Утром прислали наряд, над которым лучшая столичная мастерица трудилась неделями. С трепетом девочки, впервые вступившей во взрослую жизнь, Офелия облачилась в платье из шелка цвета розового шампанского, отделанное сборчатым воланом и аппликациями из кружев. Еще ни один из кокетливых нарядов не скрывал так ее недостатков и не подчеркивал достоинств. Корсет на китовом усе впивался в тело так, что трудно было дышать, зато талия сделалась осиной, а очень глубокий вырез и короткие рукава, дозволенные вечерней модой, обнажили шею и высокую грудь. Замерев на пуфе, следила Офелия в зеркале, как служанка подкрепляет ее волосы пышным шиньоном и украшает их искусственными цветами.
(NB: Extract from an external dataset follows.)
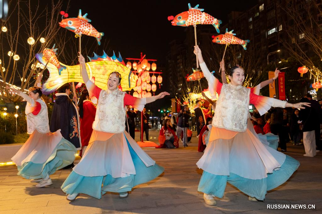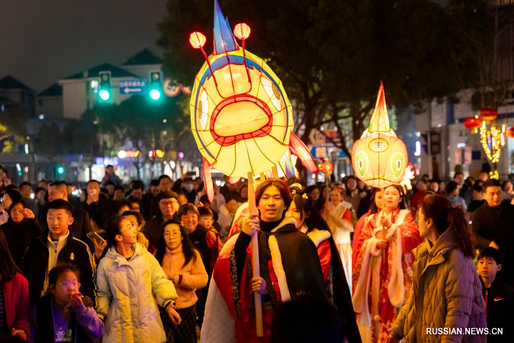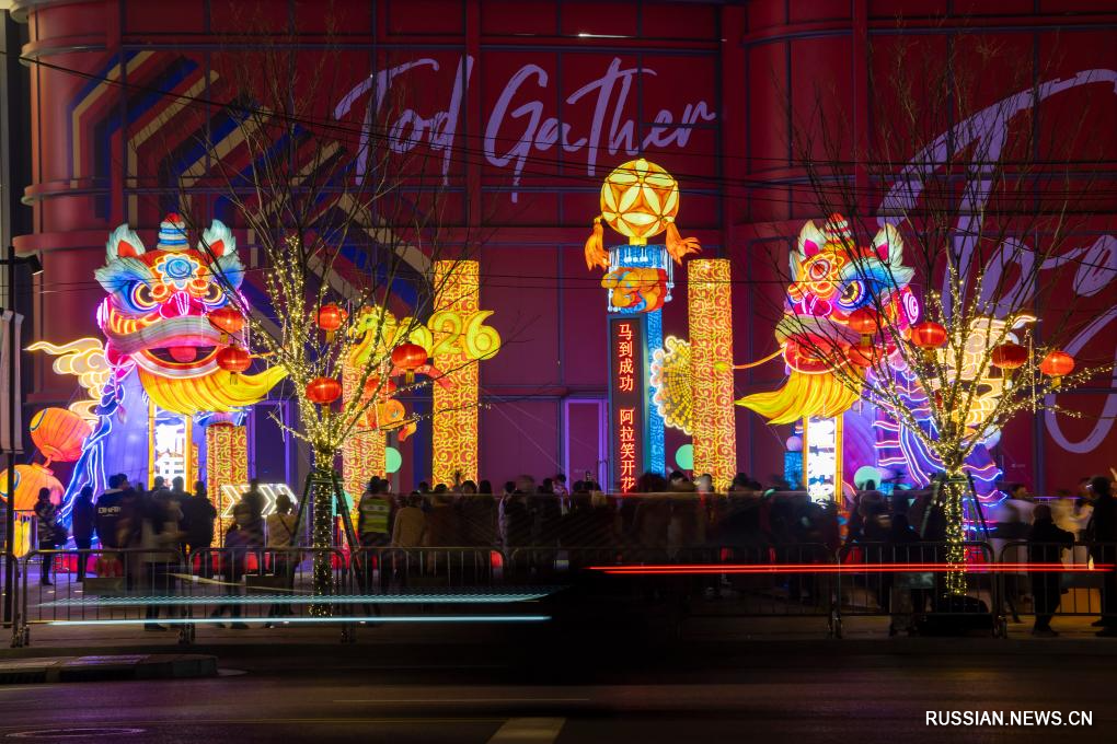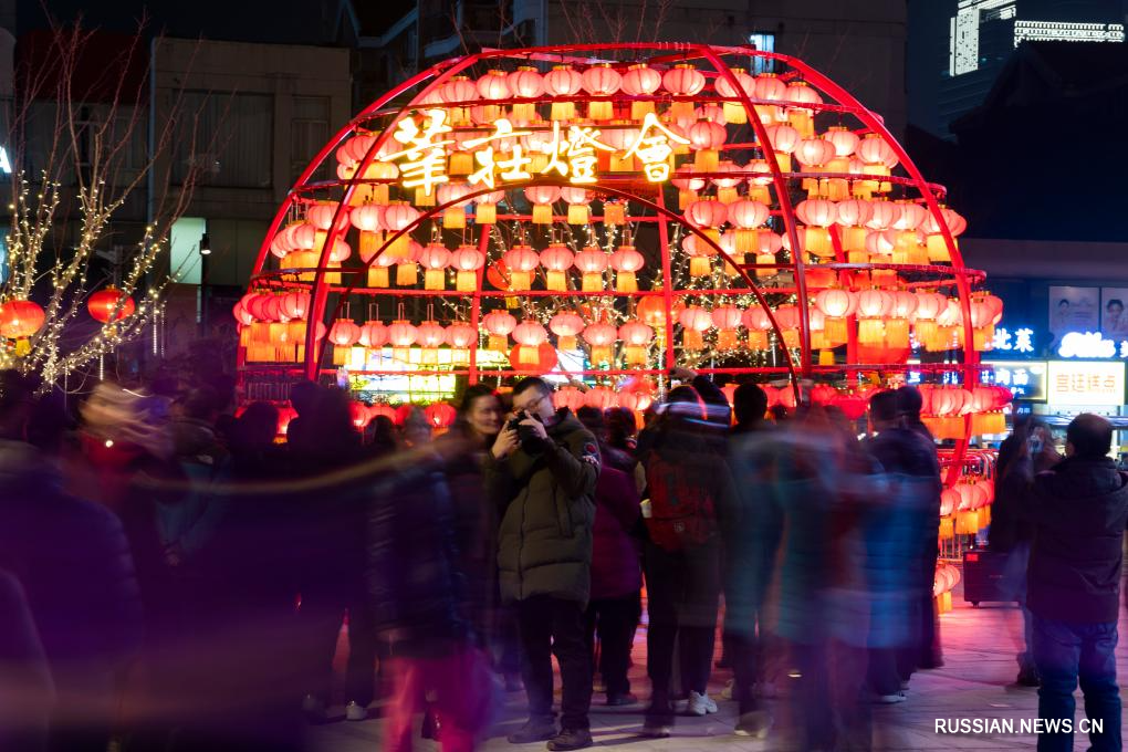 Шанхай, 14 февраля /Синьхуа/ -- В преддверии праздника Весны /Чуньцзе, традиционный китайский Новый год по лунному календарю/ в поселке Синьчжуан города Шанхай /Восточный Китай/ люди могут полюбоваться разнообразными праздничными фонарями.

С благоговением облачилась в атласные оперные перчатки и достала из коробки белый кружевной веер, с которым всю неделю репетировала перед трюмо.

Когда на парадной лестнице Офелия Лейтон бросила последний взгляд в зеркало, ее самомнение воспарило до небывалых высот. Она только сейчас осознала, что вчера была неуклюжим подростком, а сегодня стала уже дочерью Евы, на которую не грех посмотреть с восхищением. Все балы в Эссексе являлись пробой – теперь же пробил ее час. На ухо ей словно бы прошептал голос Рэдклиффа: «Лорелея, вы опасны, безжалостны».
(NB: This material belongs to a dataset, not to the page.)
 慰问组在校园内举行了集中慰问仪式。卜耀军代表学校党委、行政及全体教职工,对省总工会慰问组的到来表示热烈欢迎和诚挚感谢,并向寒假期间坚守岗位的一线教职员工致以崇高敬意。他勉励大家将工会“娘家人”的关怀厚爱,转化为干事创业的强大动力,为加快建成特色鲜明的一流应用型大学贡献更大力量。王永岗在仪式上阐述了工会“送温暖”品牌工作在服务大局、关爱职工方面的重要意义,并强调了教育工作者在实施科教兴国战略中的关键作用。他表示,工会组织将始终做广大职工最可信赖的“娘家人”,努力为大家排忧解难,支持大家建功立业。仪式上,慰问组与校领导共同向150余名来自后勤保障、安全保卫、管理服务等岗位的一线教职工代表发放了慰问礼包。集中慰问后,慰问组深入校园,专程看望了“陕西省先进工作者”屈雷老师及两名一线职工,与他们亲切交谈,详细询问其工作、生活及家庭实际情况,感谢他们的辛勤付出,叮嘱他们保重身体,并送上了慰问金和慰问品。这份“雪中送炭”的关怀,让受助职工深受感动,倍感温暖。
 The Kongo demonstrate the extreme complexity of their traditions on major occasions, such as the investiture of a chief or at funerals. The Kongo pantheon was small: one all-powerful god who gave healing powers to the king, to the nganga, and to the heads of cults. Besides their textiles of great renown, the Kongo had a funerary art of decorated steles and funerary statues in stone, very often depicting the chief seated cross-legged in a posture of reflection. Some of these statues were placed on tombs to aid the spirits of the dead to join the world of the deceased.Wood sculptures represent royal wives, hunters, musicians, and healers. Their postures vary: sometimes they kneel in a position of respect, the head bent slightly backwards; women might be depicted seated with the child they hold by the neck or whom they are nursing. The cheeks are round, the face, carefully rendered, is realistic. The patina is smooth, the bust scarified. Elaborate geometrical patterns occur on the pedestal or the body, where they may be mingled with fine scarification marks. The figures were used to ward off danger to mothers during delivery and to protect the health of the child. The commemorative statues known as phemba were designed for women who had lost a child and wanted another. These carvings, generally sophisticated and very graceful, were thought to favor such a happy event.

В парадную, где ожидал покровитель, она хотела сойти чинно, высоко подняв подбородок, но поняв, что опаздывает, сбежала поспешно, радостная и румяная от волнения.
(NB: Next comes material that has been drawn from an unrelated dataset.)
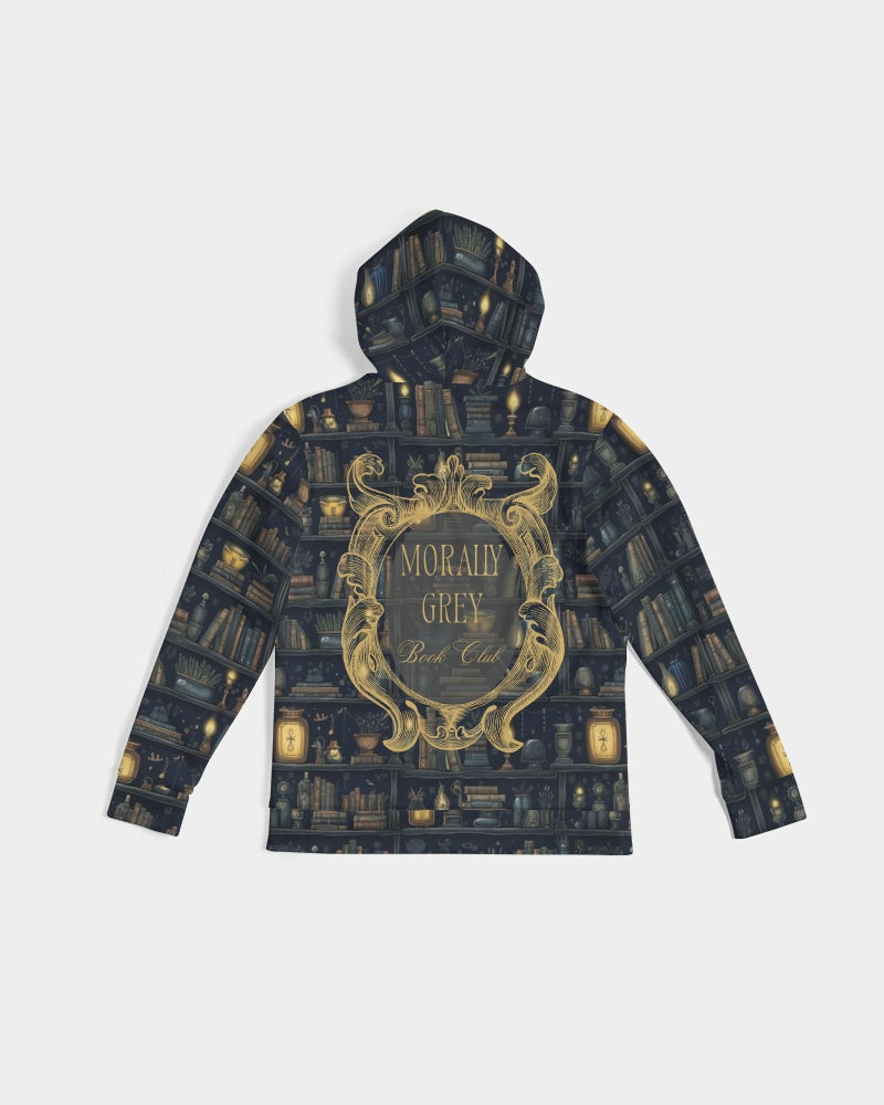 • Premium polyester hoodie featuring a silky texture and  Morally Grey Book Club graphic

Лорд Рэдклифф уже поглядывал на часы. Он, как всегда, одетый с иголочки, превзошел сам себя, и Офелию обдало волной удовольствия. Она затаила дыхание, предвкушая его изумление, ожидая, как он с куртуазностью скажет…

– Вы задержались, мисс Лейтон!

– Простите… Как вам нравится платье? – поникшим голосом поинтересовалась она.

– Лучше ваших монашеских ряс и шляпок с колибри, – сдержанно улыбнулся его милость. – Видите, я сделал из вас человека.

Офелия закусила губу, но пообещала себе не лишаться торжественного настроя. Заливаясь румянцем и благоговейно кланяясь графу, Эмилия накинула на плечи госпожи пелерину и подала приготовленный для театра букет, и они с Рэдклиффом и тетушкой Карлтон взгромоздились в карету. Офелия отвернулась к окну и за всю поездку не сказала ни слова, а Дориан наконец позволил себе по-настоящему улыбнуться, предвкушая веселье.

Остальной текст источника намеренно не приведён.